* _ASSIGNMENT_: In this exercise, print only the lines of the records below from the one with "Paseamos en torno" through the one with "Затишна, бохо-шикарна, приватна", inclusive. Pictures are not part of the copy.

* _DATA FOR THE TASK_:

· · · ·

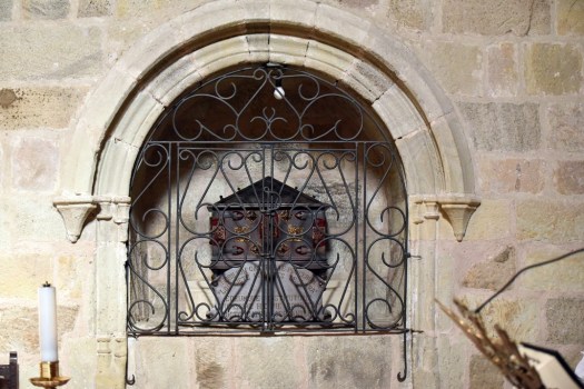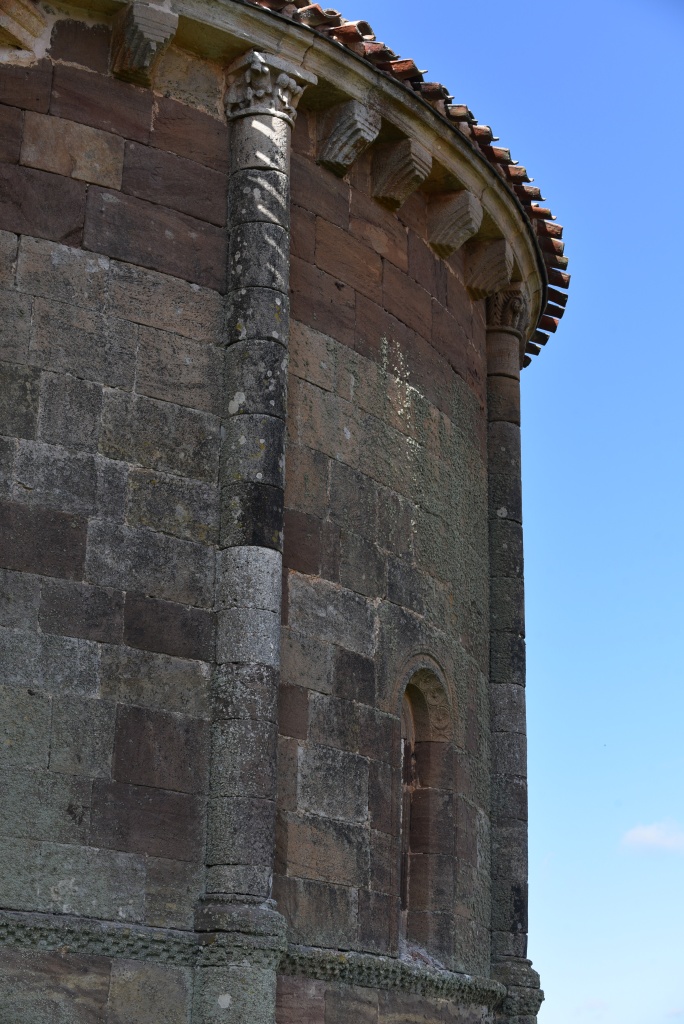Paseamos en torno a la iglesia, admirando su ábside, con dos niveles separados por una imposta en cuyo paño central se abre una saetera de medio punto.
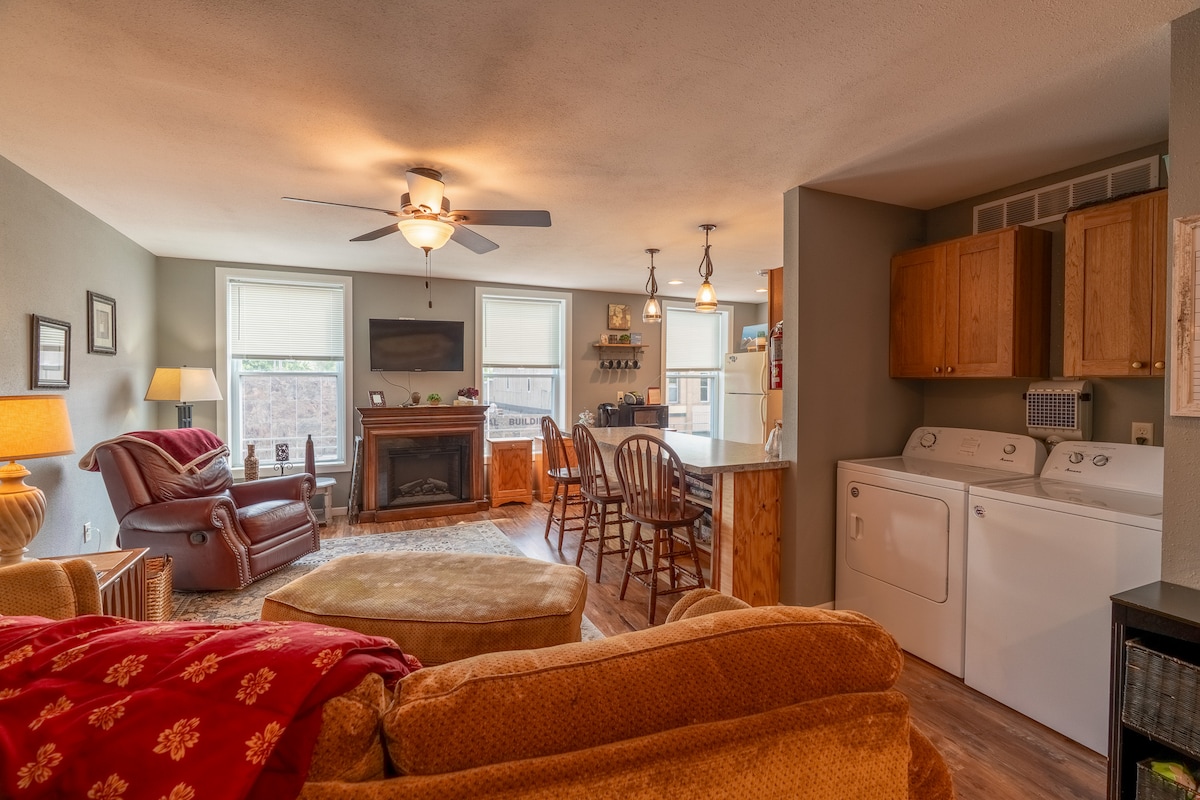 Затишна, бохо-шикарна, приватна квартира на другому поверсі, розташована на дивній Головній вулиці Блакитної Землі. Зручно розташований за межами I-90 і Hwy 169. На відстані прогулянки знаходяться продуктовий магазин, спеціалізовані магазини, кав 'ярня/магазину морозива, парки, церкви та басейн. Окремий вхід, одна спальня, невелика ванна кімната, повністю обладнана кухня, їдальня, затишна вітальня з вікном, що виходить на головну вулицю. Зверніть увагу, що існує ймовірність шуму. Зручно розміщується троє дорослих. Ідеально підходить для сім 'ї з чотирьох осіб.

· · · ·

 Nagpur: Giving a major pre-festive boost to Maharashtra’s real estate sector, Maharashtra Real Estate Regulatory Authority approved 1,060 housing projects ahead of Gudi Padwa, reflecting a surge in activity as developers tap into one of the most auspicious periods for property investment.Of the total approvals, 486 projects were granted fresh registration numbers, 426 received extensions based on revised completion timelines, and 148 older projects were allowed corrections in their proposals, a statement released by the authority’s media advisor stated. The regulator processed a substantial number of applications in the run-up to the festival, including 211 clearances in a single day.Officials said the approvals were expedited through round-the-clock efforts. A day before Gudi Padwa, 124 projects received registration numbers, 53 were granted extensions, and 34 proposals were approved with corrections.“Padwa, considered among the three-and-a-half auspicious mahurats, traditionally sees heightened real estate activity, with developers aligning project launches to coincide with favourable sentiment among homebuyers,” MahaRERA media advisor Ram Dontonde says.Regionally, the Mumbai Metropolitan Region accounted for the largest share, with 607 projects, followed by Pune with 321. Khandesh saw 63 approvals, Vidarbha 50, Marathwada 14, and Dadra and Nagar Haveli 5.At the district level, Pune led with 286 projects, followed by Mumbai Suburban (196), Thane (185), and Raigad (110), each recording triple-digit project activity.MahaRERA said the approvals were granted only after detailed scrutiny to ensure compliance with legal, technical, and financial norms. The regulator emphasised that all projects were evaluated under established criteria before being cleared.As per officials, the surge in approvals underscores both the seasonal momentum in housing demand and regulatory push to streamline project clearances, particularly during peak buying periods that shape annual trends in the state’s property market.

· · · ·

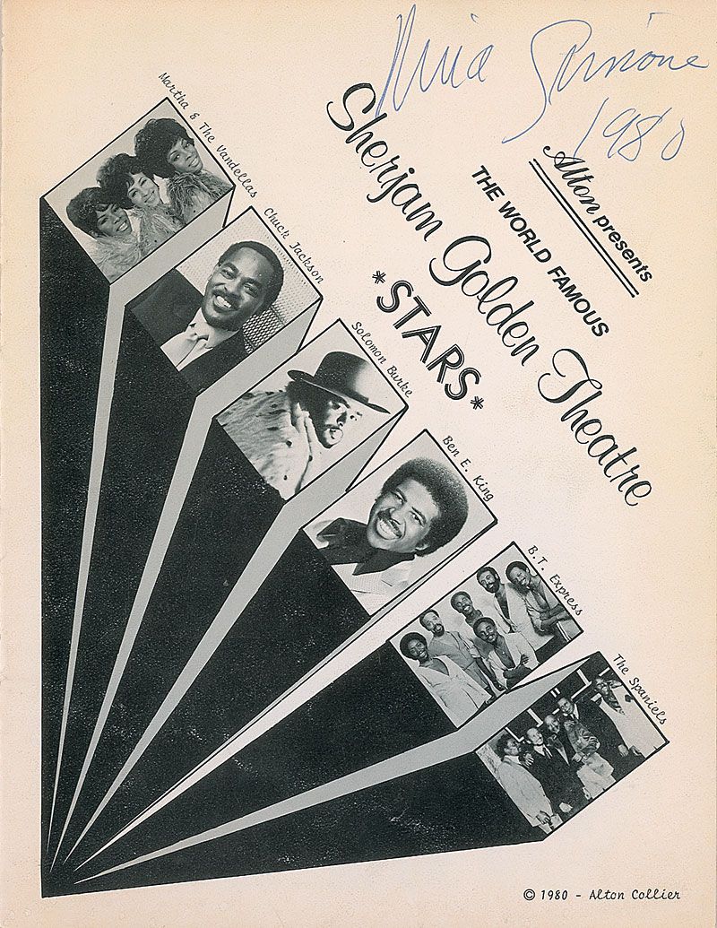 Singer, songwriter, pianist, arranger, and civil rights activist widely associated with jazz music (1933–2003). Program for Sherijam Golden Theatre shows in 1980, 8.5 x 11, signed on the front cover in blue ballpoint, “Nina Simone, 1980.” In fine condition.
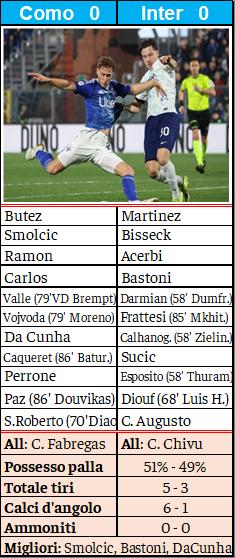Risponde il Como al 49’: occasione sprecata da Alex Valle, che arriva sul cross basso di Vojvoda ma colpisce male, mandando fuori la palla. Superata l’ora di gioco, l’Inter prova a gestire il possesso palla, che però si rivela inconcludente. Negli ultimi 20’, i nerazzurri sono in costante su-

· · · ·

* _SOLUTION FOR THIS PROBLEM_:
Paseamos en torno a la iglesia, admirando su ábside, con dos niveles separados por una imposta en cuyo paño central se abre una saetera de medio punto.
 Затишна, бохо-шикарна, приватна квартира на другому поверсі, розташована на дивній Головній вулиці Блакитної Землі. Зручно розташований за межами I-90 і Hwy 169. На відстані прогулянки знаходяться продуктовий магазин, спеціалізовані магазини, кав 'ярня/магазину морозива, парки, церкви та басейн. Окремий вхід, одна спальня, невелика ванна кімната, повністю обладнана кухня, їдальня, затишна вітальня з вікном, що виходить на головну вулицю. Зверніть увагу, що існує ймовірність шуму. Зручно розміщується троє дорослих. Ідеально підходить для сім 'ї з чотирьох осіб.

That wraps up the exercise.